Шрифт:
Только один бог знает, как за это взяться. Наверно, во взаимоотношениях с детьми надо владеть чем-то таким, чего у него нет. Вот сумел же Шульц очаровать, приручить эту злючку Иренэ, которая его, Нунке, просто ненавидела. А что, если попробовать познакомить Ганса с Фредом?.. Нунке искоса поглядел на спокойное, с закрытыми глазами лицо Шульца и с завистью подумал о том, как беззаботно живется Фреду, сколько у него возможностей выдвинуться, достичь чего-то высшего, чем достиг сам Нунке… Да, надо пригласить Фреда в гости, предварительно объяснив ситуацию.
А тот, кого Нунке уже привык называть Фредом Шульцем, именно в эти минуты тоже думал о своем спутнике.

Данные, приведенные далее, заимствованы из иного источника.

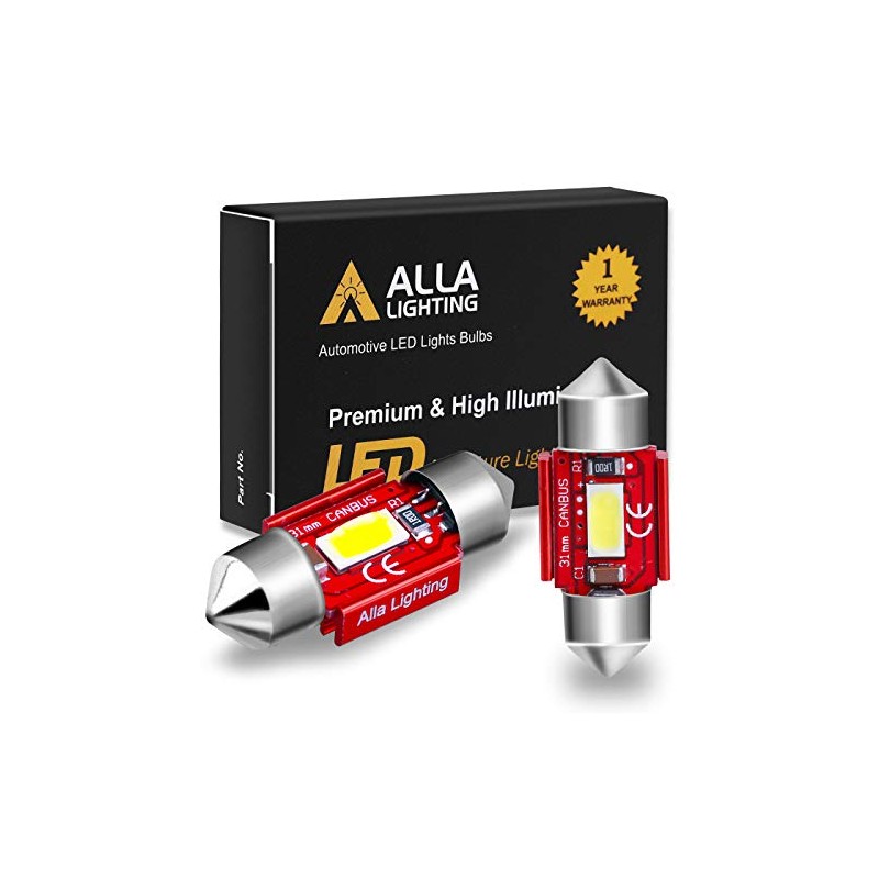 Alla Lighting 800lm Xtreme Super Bright Festoon 31MM DE3175 DE3022 LED Bulbs Replacement for Cars Trucks Interior Map Dome Trunk Courtesy Lights DE3022, 6000K Xenon White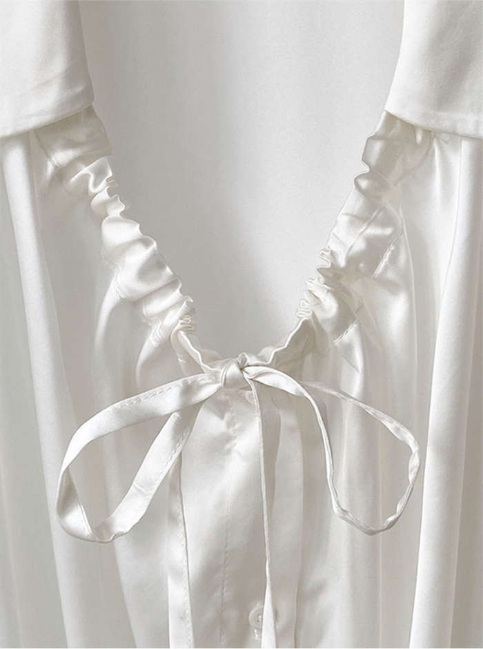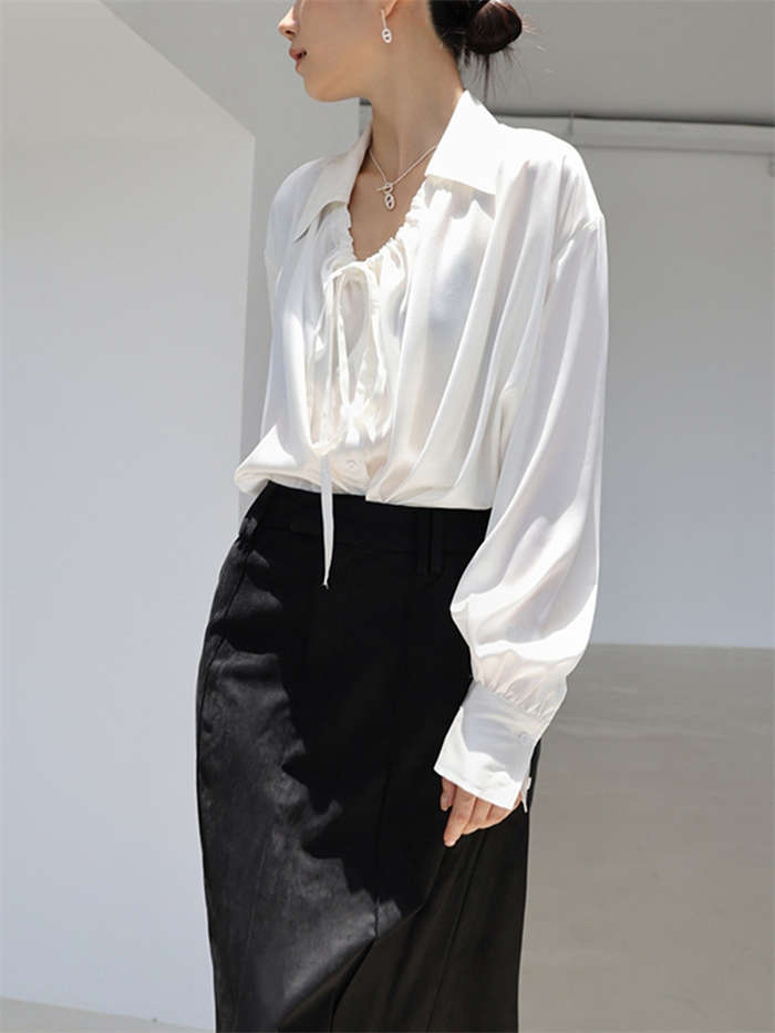 シアースリーブ ドッキングシャツ ボウタイシャツブラウス
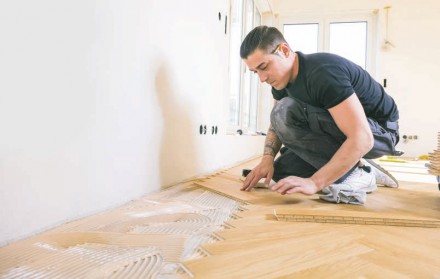 Parkiet dwuwarstwowy wymaga odpowiedniego przygotowania podłoża. Powinno być równe, czyste, mocne, suche i wolne od rys oraz spękań podłoża. Może to być podłoże cementowe, anhydrytowe, a także sklejka lub płyty wiórowe. Gdy jest nierówne, trzeba je wyrównać, stosując masę samopoziomującą. Konieczne jest także jego zagruntowanie, jednak wcześniej należy podłoże przeszlifować i odkurzyć, by usunąć mleczko anhydrytowe lub cementowe. Wilgotność podłoża gotowego do przyklejania klepek zależy od jego rodzaju – z jastrychu cementowego lub betonu powinna wynosić ≤ 2,0% CM, natomiast podkłady anhydrytowe powinny mieć ten parametr w granicach 0,5 CM. Drewno dwuwarstwowe układane na ogrzewaniu podłogowym powinno mieć podłoże o wilgotności ≤ 1,8% CM dla betonu bądź jastrychu cementowego oraz ≤ 0,3% CM w przypadku podkładów anhydrytowych. Do mocowania należy używać klejów przeznaczonych do parkietów dwuwarstwowych. Przed układaniem deski parkietowe przechowujemy w temperaturze 18-22°C i wilgotności 45-60%, w oryginalnych opakowaniach, które otwieramy tuż przed montażem. Elementów wcześniej nie należy klimatyzować. Parkiet powinno się układać po pomalowaniu ścian – należy traktować jego montaż jako finalny element wykończenia wnętrza. Jeśli konieczne będzie malowanie ścian, trzeba posadzkę zabezpieczyć papierem falistym i folią.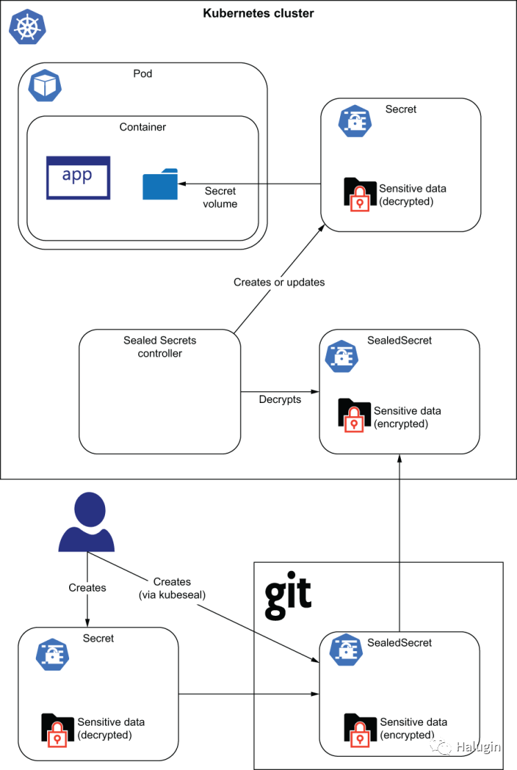 - 在集群中运行的一个控制器,负责解密一个SealedSecret,并使用解密的数据生成一个正常的Kubernetes Secret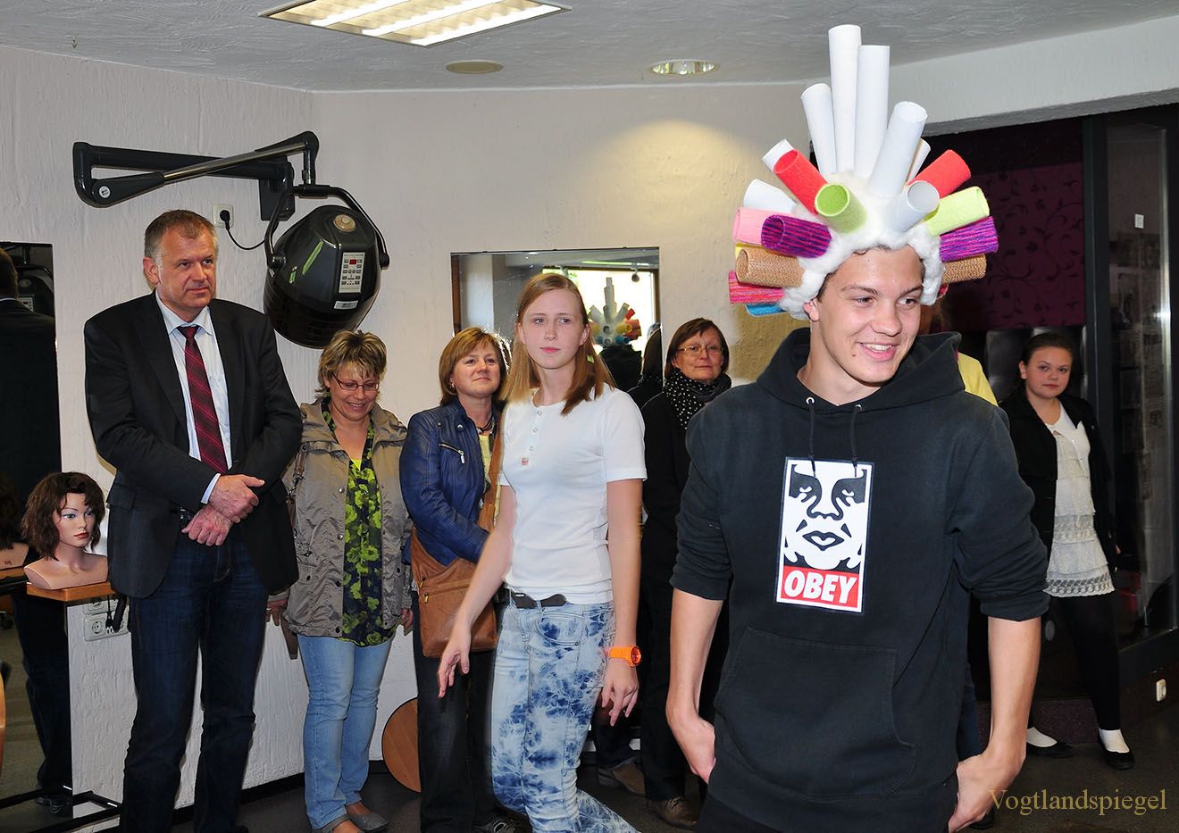 Die Neuntklässler des Kurses Darstellen und Gestalten am Ulf-Merbold-Gymnasium präsentieren im Friseurgeschäft „Haarscharf“ eine Perücken-Schau – hier ein kreatives Modell a la Stiftaufbewahrungsrollen.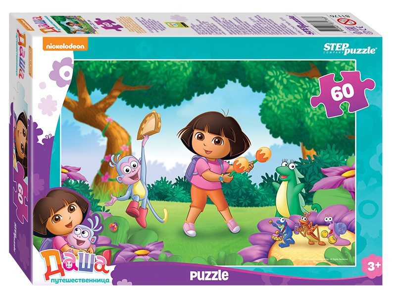 Пазл «Даша-путешественница» состоит из 60 деталей. На картинке Даша и обезьянка по имени Башмачок радуются, танцуют и играют на музыкальных инструментах.

«Для тебя это небо — родное, одно это уже великое счастье. И ноги твои сейчас ступят на родную землю. Ты этого не заметишь, ты об этом даже не подумаешь. Потому, что любишь ты не свою родную землю, а кумиров, которых на ней сотворил. К одному из них ты летишь сейчас на поклон, загипнотизированный силой, которой его наделили тысячи подобных тебе… А может, я преуменьшаю значимость Гелена? Вижу его в кривом зеркале, где смещены все пропорции? И проникновенный ум кажется мне хитростью, умение маневрировать и принимать категорические решения — неразборчивостью в способах, желание полнее проявить способности — карьеризмом… Впрочем, организатор он хороший, а рука у него твердая и беспощадная. В решительности тоже не откажешь. Он заранее обдумал безошибочный ход и уже в начале сорок пятого улепетнул подальше от «обожаемого» им фюрера. Вначале в Цоссен, а потом в небольшой городок Оландсальм в горах Южной Германии. Когда сюда подошли американские войска, он сам выехал им навстречу и преподнес, как преподносят гостям хлеб-соль, картотеку гитлеровской агентуры в Восточной Европе и другие весьма секретные документы, предварительно заботливо вывезенные с собою якобы для того, чтобы их припрятать. Теперь Гелен, которому американцы поручили создать разведывательную сеть, конечно, курируя ее, стал расшибаться в лепешку — и совсем не для того, чтобы избавиться от надоевшего опекунства. Нунке не раз осторожно намекал на это, а сегодня перед отлетом напомнил опять…»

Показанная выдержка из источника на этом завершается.